Amazon’s patent, named "Physical Store Online Shopping Control," examines what a person is searching for when connected to a retail WiFi network and can determine whether the shopper is searching for a competitor's item online and take subsequent action such as blocking access to the content, redirecting to Amazon’s online store or sending a sales representative to talk to you.

Combined, these initiatives all telegraph that Amazon is deadly serious about competing in grocery delivery and physical retail, even to the point of patenting ideas that will protect it against other retailers using its own tactics.

A genuine threat to traditional retail?

The response from grocery chains to Amazon encroaching on their turf has ranged from the sublime to the ridiculous, particularly for Walmart.

In August 2016, Walmart purchased the online retailer Jet.com for over $3 billion as a means of directly bringing the fight to Amazon’s online business.

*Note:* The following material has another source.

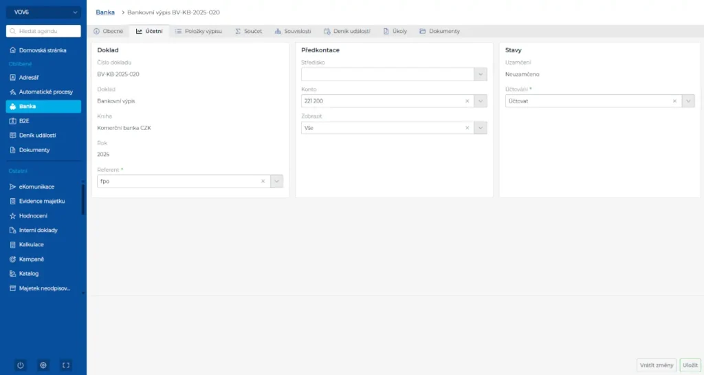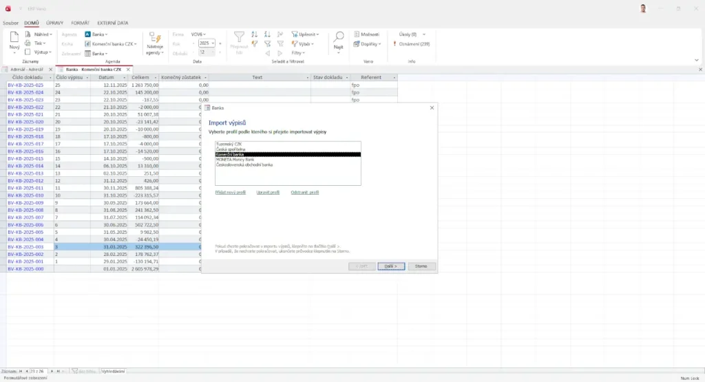 Ano, pokud vaše banka podporuje API komunikaci. V kombinaci s modulem Automatické procesy lze výpisy stahovat zcela automatizovaně. Pokud API není dostupné, můžete výpis kdykoli importovat ručně — systém jej zpracuje stejně spolehlivě.

It also pushed back with innovation projects such as unstaffed pick-up locations for groceries and the Seinfeld-esque staff grocery delivery pilot. However, many of these initiatives by Walmart and others can be characterized as reactive rather than proactive to the incoming threat of Amazon.

Amazon’s purchase of Whole Foods marks a turning point in the fusion of online and offline retail. For the largest grocery chains, this may not present much of a threat at this time, particularly since Walmart has ten times the locations of Whole Foods in the U.S.

Further, Whole Foods is aimed at a demographic that may present an overlapping Venn diagram of current Prime members, but it hardly represents the broader U.S consumer demographic that Amazon is seeking to acquire (it is colloquially known as “Whole Paycheck” for a reason).

Nonetheless, the reality is that grocery chains are handicapped by legacy technology, excess real estate and radically changing consumer attitudes to shopping. Amazon has the advantage of rebuilding retail from scratch, learning from the mistakes of others and scaling organically.

Given the plummeting value of this segment in the wake of today’s news, the Whole Foods acquisition could be the beginning of a real-world game of Monopoly by Amazon, picking off the competition for firesale prices.